I set up the birth tub the night before Mia was born. It wasn’t out of expectation. The next day was her due date and I figured, out of any day, that’d be the least likely she’d arrive. But she did. First thing in the morning. It had nothing to do with a mother’s intuition. I wasn’t a mother yet.
I suppose there might be some similarities to an article I wrote going viral, but maybe not. Writing is something you nurture and care for and witness its growth over time. Maybe, just possibly, it could be your own, inner child. Or maybe I’m looking too much into it.
All I know is, the day before my article on Vox came out, I met with a friend who’s a web designer for Mamalode. We talked about switching my blog to a different platform, SEO, and, finally, starting a professional page on Facebook.
I’d anticipated the pieces coming out on Vox and Scary Mommy for a couple of days. I’d flipped my blog all around, changing pages and pictures, and changing the title. I shut down my Facebook page, making all posts only visible to friends, and made myself a “Stephanie Land, Writer” page. It felt pretentious and weird, but freelancing is my business and that means promoting my brand to get clients, even if that brand is me. Either way, I had to proclaim myself publically as a writer and own it, even though it felt cheesy.
My boss called me Thursday morning right after I’d gotten up. Coraline had been up late and slept in. I was still groggy, had barely gotten out to let the dog pee, and definitely hadn’t had any coffee.
“Have you checked online yet? Your piece came out on Vox, I bet you’re excited about that!” she said.
I hadn’t even woken up my computer yet. The old laptop takes several minutes to get moving in the morning. I let it do its thing, finished my conversation, and went about attempting to boil water for coffee. My bank account was overdrawn for the first time in years. My truck wasn’t running right and needed to get checked out. And I had to mail documents for a hearing next week.
I squinted at my email account, and had a bunch of messages about people following my blog. I frowned, not really knowing what that meant, and checked my blog stats. It’d had almost 4,000 hits in the last hour. Comments were coming in so fast I couldn’t keep up and finally shut them down. Most of them were positive, but quite a few were negative.
I’d known the Vox piece would cause a stir, and knew it’d piss a lot of people off, possibly defaming my character a bit, but the story and writing were excellent. I trusted most people would see through it, and see the real story that needed to be told: that the big house on the hill doesn’t mean a perfect, happy, life, and my disenchantment from discovering that as a maid.
The comments kept coming in, and people were searching me on Google to get to my blog. They were sending me awful messages, but most were extremely supportive and even inspiring. I kept thinking, “I’m so grateful I started that public page last night.” Most of my Facebook page had been public lately in an effort to promote myself. I couldn’t imagine having thousands of people flipping through years of posts and pictures.

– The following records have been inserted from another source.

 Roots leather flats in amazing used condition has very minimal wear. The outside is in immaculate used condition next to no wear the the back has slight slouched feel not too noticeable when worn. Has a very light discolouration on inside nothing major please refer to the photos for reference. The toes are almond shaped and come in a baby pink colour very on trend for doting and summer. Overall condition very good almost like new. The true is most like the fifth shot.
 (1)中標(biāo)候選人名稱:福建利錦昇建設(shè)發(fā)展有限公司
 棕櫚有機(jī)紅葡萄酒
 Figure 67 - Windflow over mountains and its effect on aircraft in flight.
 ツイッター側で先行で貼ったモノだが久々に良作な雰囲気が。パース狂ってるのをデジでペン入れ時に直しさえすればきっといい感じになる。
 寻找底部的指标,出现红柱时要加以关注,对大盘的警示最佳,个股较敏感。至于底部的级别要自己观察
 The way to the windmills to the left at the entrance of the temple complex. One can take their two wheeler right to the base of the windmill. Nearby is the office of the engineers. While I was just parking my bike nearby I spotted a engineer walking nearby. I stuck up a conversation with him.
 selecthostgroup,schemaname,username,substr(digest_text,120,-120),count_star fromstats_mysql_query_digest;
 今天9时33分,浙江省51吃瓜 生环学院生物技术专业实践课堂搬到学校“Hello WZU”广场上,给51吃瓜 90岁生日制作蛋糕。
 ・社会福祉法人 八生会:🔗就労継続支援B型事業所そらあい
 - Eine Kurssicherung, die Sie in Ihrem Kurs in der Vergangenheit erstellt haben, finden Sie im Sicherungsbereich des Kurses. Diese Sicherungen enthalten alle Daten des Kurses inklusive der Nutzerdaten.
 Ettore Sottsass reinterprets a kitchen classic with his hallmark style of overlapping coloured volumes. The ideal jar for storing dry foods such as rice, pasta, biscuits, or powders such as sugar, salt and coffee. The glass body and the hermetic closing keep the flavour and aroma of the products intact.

I hadn’t expected the popularity at all, but maybe it was a mother’s intuition to protect her kids, I don’t know.
By noon, blog traffic had reached 10,000 hits, which was close to how many hits it’d ever received since I started it in 2009. People from larger news outlets had contacted me for permission to run the story, or if I could send them more of it. Then I got a message from an agent interested in the book I’ve been working on.
I still hadn’t brushed my teeth. I’d boiled water for coffee three times. And why wasn’t the mechanic calling me back?
I finally got a hold of Mia to tell her the news. She’s still visiting her dad until Sunday.
“So I’m extra extra famous now?” she said.
“Yup, sweetie, the book I’m writing about you will probably get published now,” I said.
I could hear her smile through the phone. She told me about her new doll, and all the accessories that came with it. I was so happy to hear her little voice.
You start out on journeys to be a writer, hidden in rooms, scribbling in notebooks, hiding them from others. They’re your private thoughts. They’re things you wouldn’t tell a best friend. Then you get published, and it’s the deepest, most confusing exposure. Part of you is thrilled to get noticed while the other part is terrified that someone has discovered how you really feel. Then you remind yourself to sit back, and enjoy it.
Because this is what over 20 years of hard work paying off looks like. This is what your kids will learn. That if you keep at it, keep working at the dream, you’ll get there. They can choose to do anything, and they’ll know it’ll be possible because they watched you do the same.